Exercise
Please reproduce the data exactly, excluding any pictures it contains.

Data extract
↓↓↓

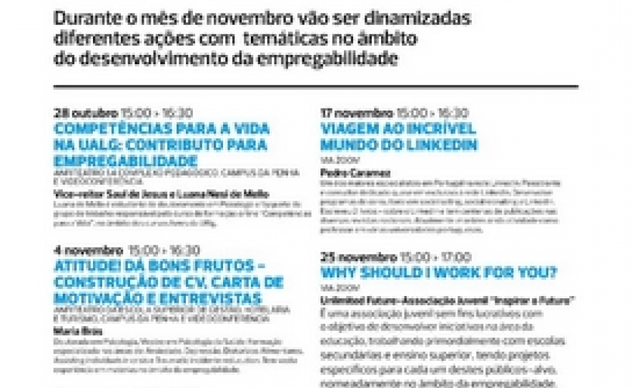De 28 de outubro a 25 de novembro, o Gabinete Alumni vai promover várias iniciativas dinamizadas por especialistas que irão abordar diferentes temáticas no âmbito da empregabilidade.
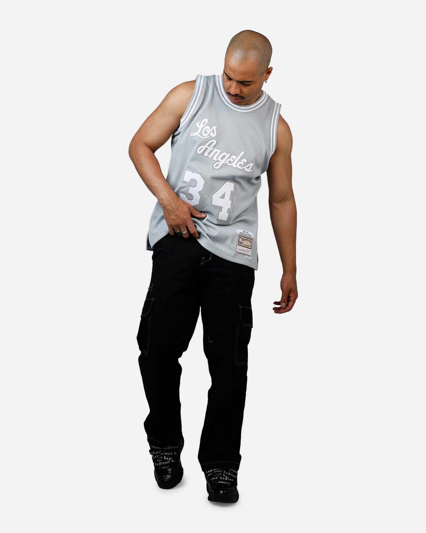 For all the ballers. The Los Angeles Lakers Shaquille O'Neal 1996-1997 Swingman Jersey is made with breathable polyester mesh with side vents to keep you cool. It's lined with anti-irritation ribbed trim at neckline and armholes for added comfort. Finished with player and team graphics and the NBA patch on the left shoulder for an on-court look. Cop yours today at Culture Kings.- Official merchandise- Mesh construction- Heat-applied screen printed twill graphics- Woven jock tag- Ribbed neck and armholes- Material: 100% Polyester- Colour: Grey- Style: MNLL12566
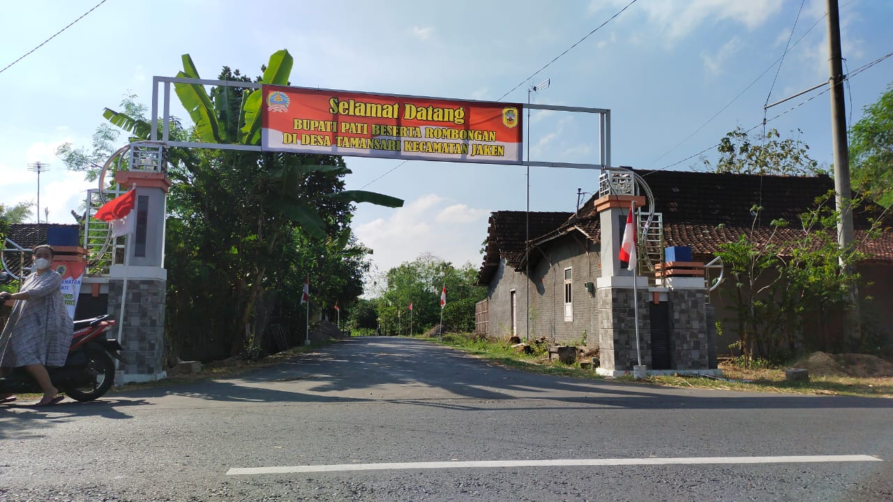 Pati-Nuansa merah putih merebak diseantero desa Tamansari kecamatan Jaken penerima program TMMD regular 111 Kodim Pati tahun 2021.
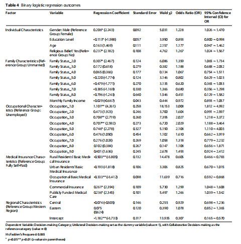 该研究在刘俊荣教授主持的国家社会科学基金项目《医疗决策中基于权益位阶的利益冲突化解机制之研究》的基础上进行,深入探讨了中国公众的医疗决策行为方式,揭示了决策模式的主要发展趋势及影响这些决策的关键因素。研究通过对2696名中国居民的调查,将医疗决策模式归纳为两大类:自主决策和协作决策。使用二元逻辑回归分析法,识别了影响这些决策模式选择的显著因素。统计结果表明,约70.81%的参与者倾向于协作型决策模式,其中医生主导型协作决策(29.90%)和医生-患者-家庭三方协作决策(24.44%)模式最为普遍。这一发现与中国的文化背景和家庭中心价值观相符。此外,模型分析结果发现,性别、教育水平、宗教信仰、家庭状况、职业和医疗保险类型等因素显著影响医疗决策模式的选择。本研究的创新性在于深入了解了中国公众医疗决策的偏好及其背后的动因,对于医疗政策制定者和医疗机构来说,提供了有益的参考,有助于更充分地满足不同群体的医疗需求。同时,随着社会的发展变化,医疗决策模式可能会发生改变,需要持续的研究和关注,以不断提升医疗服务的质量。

↑↑↑

The completed task
De 28 de outubro a 25 de novembro, o Gabinete Alumni vai promover várias iniciativas dinamizadas por especialistas que irão abordar diferentes temáticas no âmbito da empregabilidade.
 For all the ballers. The Los Angeles Lakers Shaquille O'Neal 1996-1997 Swingman Jersey is made with breathable polyester mesh with side vents to keep you cool. It's lined with anti-irritation ribbed trim at neckline and armholes for added comfort. Finished with player and team graphics and the NBA patch on the left shoulder for an on-court look. Cop yours today at Culture Kings.- Official merchandise- Mesh construction- Heat-applied screen printed twill graphics- Woven jock tag- Ribbed neck and armholes- Material: 100% Polyester- Colour: Grey- Style: MNLL12566
 Pati-Nuansa merah putih merebak diseantero desa Tamansari kecamatan Jaken penerima program TMMD regular 111 Kodim Pati tahun 2021.
 该研究在刘俊荣教授主持的国家社会科学基金项目《医疗决策中基于权益位阶的利益冲突化解机制之研究》的基础上进行,深入探讨了中国公众的医疗决策行为方式,揭示了决策模式的主要发展趋势及影响这些决策的关键因素。研究通过对2696名中国居民的调查,将医疗决策模式归纳为两大类:自主决策和协作决策。使用二元逻辑回归分析法,识别了影响这些决策模式选择的显著因素。统计结果表明,约70.81%的参与者倾向于协作型决策模式,其中医生主导型协作决策(29.90%)和医生-患者-家庭三方协作决策(24.44%)模式最为普遍。这一发现与中国的文化背景和家庭中心价值观相符。此外,模型分析结果发现,性别、教育水平、宗教信仰、家庭状况、职业和医疗保险类型等因素显著影响医疗决策模式的选择。本研究的创新性在于深入了解了中国公众医疗决策的偏好及其背后的动因,对于医疗政策制定者和医疗机构来说,提供了有益的参考,有助于更充分地满足不同群体的医疗需求。同时,随着社会的发展变化,医疗决策模式可能会发生改变,需要持续的研究和关注,以不断提升医疗服务的质量。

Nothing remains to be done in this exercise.